“We share the pain of the Venezuelan people,” said President Macri yesterday afternoon in a joint conference with Chile’s President Michelle Bachelet at the Casa de la Moneda in Santiago. Both leaders acknowledged the wave of protests against Venezuela’s President Nicolás Maduro that began in April and have since left 76 people dead. But they could not anticipate the incidents that exploded in Caracas last night.
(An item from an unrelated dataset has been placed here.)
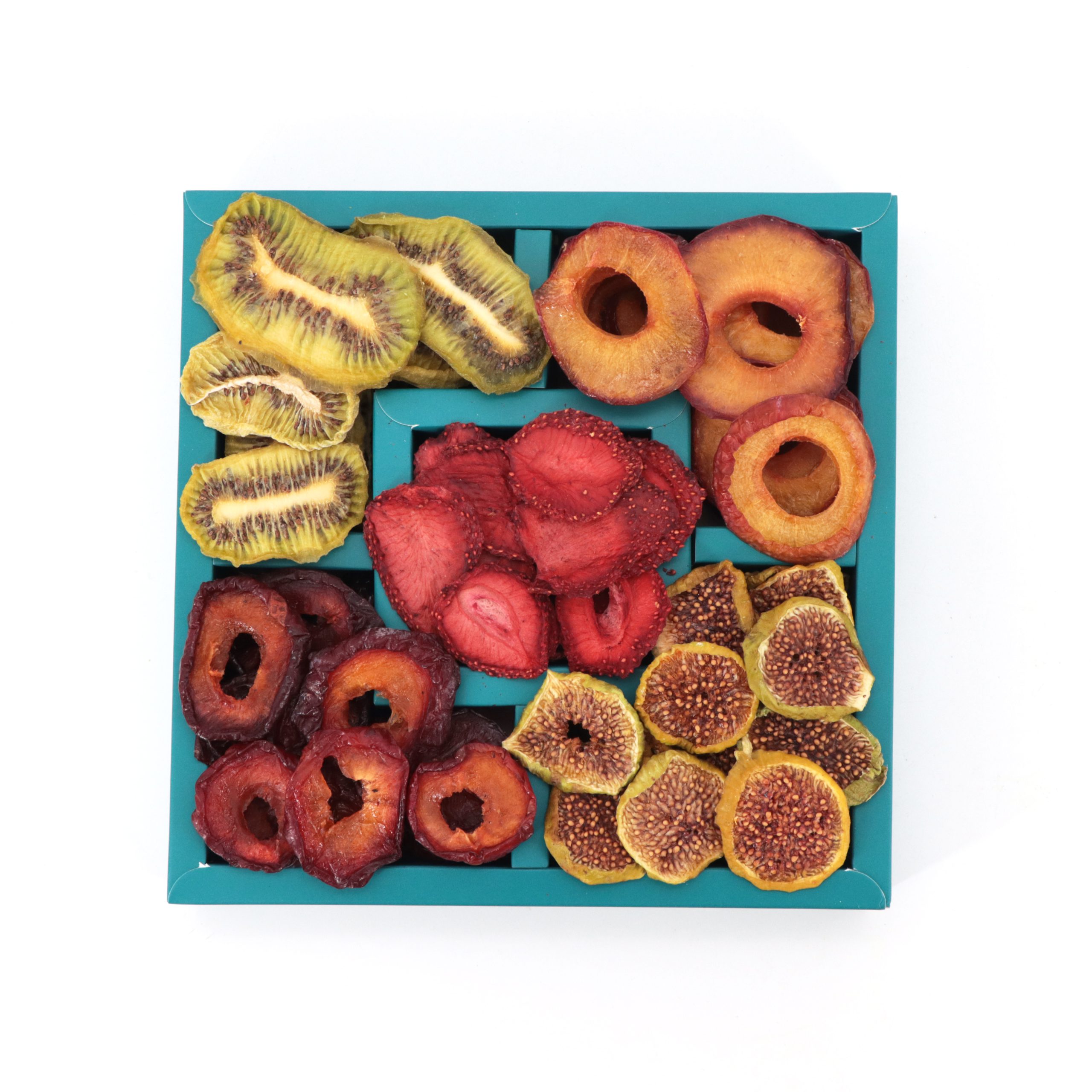 انجیر اسلایس 100 گرم , برگه آلو جنگلی 100 گرم , آلو شابلون 80 گرم , کیوی 60 گرم , توت فرنگی 50 گرم

Macri and Bachelet initially convened to bolster cooperation between Argentina and Chile in mining, environmental regulation, and infrastructure. At the hour of their press conference, across the continent, Venezuelan President Maduro publicly warned that his supporters would take military action if opponents were to overthrow his socialist government. “What cannot be done with votes,” he said, “we will do with arms.” Military planes accompanied his words, as they flew over Caracas to practice for their parade on July 5, Day of the Bolivarian National Armed Forces (FANB).

Last October, Maduro ordered the suspension of a referendum that would have recalled his election results after criminal courts upheld claims of electoral fraud. Since then, protestors repeatedly contend that Maduro undermines democracy. Tensions took a convulsive turn yesterday during an hours-long standoff between Chavistas, who support Maduro, and opposition forces.

At 6:00pm, Chavistas besieged the opposition-led National Assembly, held its deputies hostage, and threw explosives into the parliament courtyard. Forty minutes later, Oscar Pérez, a member of the Body of Scientific, Penal and Criminal Investigation (CICPC), seized a helicopter, fired shots at the Interior Ministry and threw grenades at the Supreme Court.

Maduro deemed Pérez’s act “a terrorist attack.” Pérez then published a video statement that demanded “immediate resignation” of the president and “immediate general elections.” He claimed to represent a coalition of military, police and civil officials staging an internal revolt “against this transitional criminal government.” By 8:00 pm, the government had suspended all flights in Venezuela indefinitely and heightened security at the presidential palace. Officials are still searching for Pérez.

We have yet to see whether Macri will issue a statement pertaining specifically to the events of last night.